Effects of withdrawal from anabolic androgenic steroids on aggression in adult male rats

In gonadally intact male rats, chronic exposure to high levels of testosterone propionate (TP) increases aggression, nandrolone (ND) has little effect and stanozolol (ST) suppresses aggression. The present experiment tested whether the effects of TP, ND and ST on aggression and reproductive tissues are reversed following anabolic androgenic steroid (AAS) withdrawal. Gonadally intact males received TP, ND, ST or vehicle for 12 weeks. Injections were then discontinued. Aggression was tested 3 weeks (short term) and 12 weeks (long term) after withdrawal of AAS treatment, with either a gonadally intact or a castrated opponent in three different environments (home, opponents and neutral cage). After short-term withdrawal, some parameters of aggression were significantly above control levels in TP males. There were no significant differences between ND or ST males and controls, though ST males showed the lowest levels of aggression. No significant differences between any of the groups were found after long-term withdrawal. Eighteen weeks after AAS withdrawal, serum testosterone (T) and LH levels were comparable to controls in all groups. Testes weights were at control levels in ST males, but significantly higher than controls in TP and ND males. Seminal vesicle weights were significantly elevated in TP males, but similar to controls in both ND and ST males. None of the prostate weights were significantly different from controls. These results suggest that aggression gradually returns to normal following withdrawal from AAS. Some, if not all, hormone levels and tissue weights return to normal, suggesting possible long-lasting effects of chronic AAS exposure.

Circadian period in mice: Analysis of genetic and maternal contributions to inbred strain differences

Differences of approximately 25 min in the free-running period of a circadian rhythm for wheel-running activity were observed among four inbred mouse strains (Mus musculus). Two sets of reciprocal hybrid crosses among the strains showed approximately intermediate values for circadian period in one cross and dominance for a short period in the other. Neither set of crosses showed evidence of significant maternal effects on circadian period.
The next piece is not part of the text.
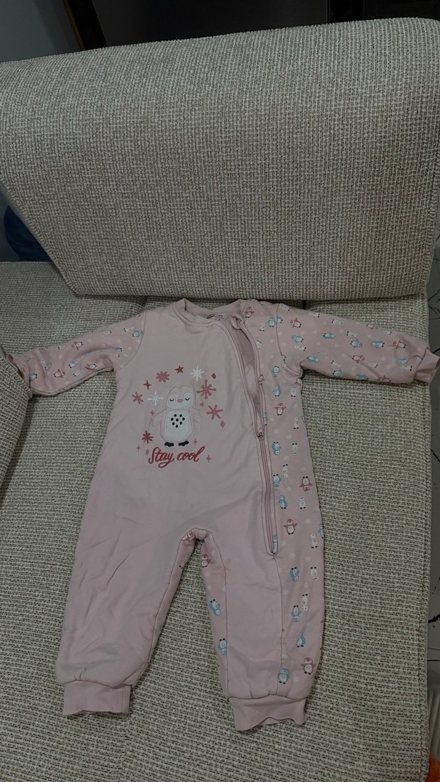 Pembe pastel renkli, baskılı, fermuarlı bebek kız tulumu. Yuvarlak yaka ve yumuşak dokusu ile rahat kullanım sağlar. 'Stay' yazısı bulunur. ❄️

These results indicate that the inbred strain differences in circadian period are imposed primarily by direct effects of allelic differences among the strains, rather than through maternally mediated mechanisms.

Effects of fluoxetine and olfactory bulbectomy on mouse circadian activity rhythms

Olfactory bulbectomy (OBX) in SWR outbred male mice lengthened the free-running period and delayed the phase of a circadian rhythm for wheel-running activity. OBX also increased mean levels of activity. Two weeks of daily intraperitoneal injections of Fluoxetine (8 mg/kg), a serotonin re-uptake inhibitor, reversed the effects of bulbectomy on the mean level of activity and significantly shortened the free-running period of the activity rhythm. The phase of the activity rhythm was not significantly affected by the Fluoxetine treatment. These results are consistent with a hyposerotonergic mediation of the effects of OBX on circadian period and activity level.

Fluoxetine shortens circadian period for wheel running activity in mice.

Fluoxetine is a potent and specific serotonin re-uptake inhibitor and an effective antidepressant drug. Male mice were treated with either fluoxetine (8 mg/kg body weight per day) or saline. Wheel running activity was monitored for 2 weeks in a 12:12 LD cycle followed by 2 weeks in constant darkness (DD). Fluoxetine significantly shortened free-running circadian period for wheel running activity (23.93 +/- 0.08 h for fluoxetine treated mice versus 24.17 +/- 0.07 h for saline treated mice; p less than 0.03). These results are consistent with a role for serotonin in the regulation of circadian period in mice.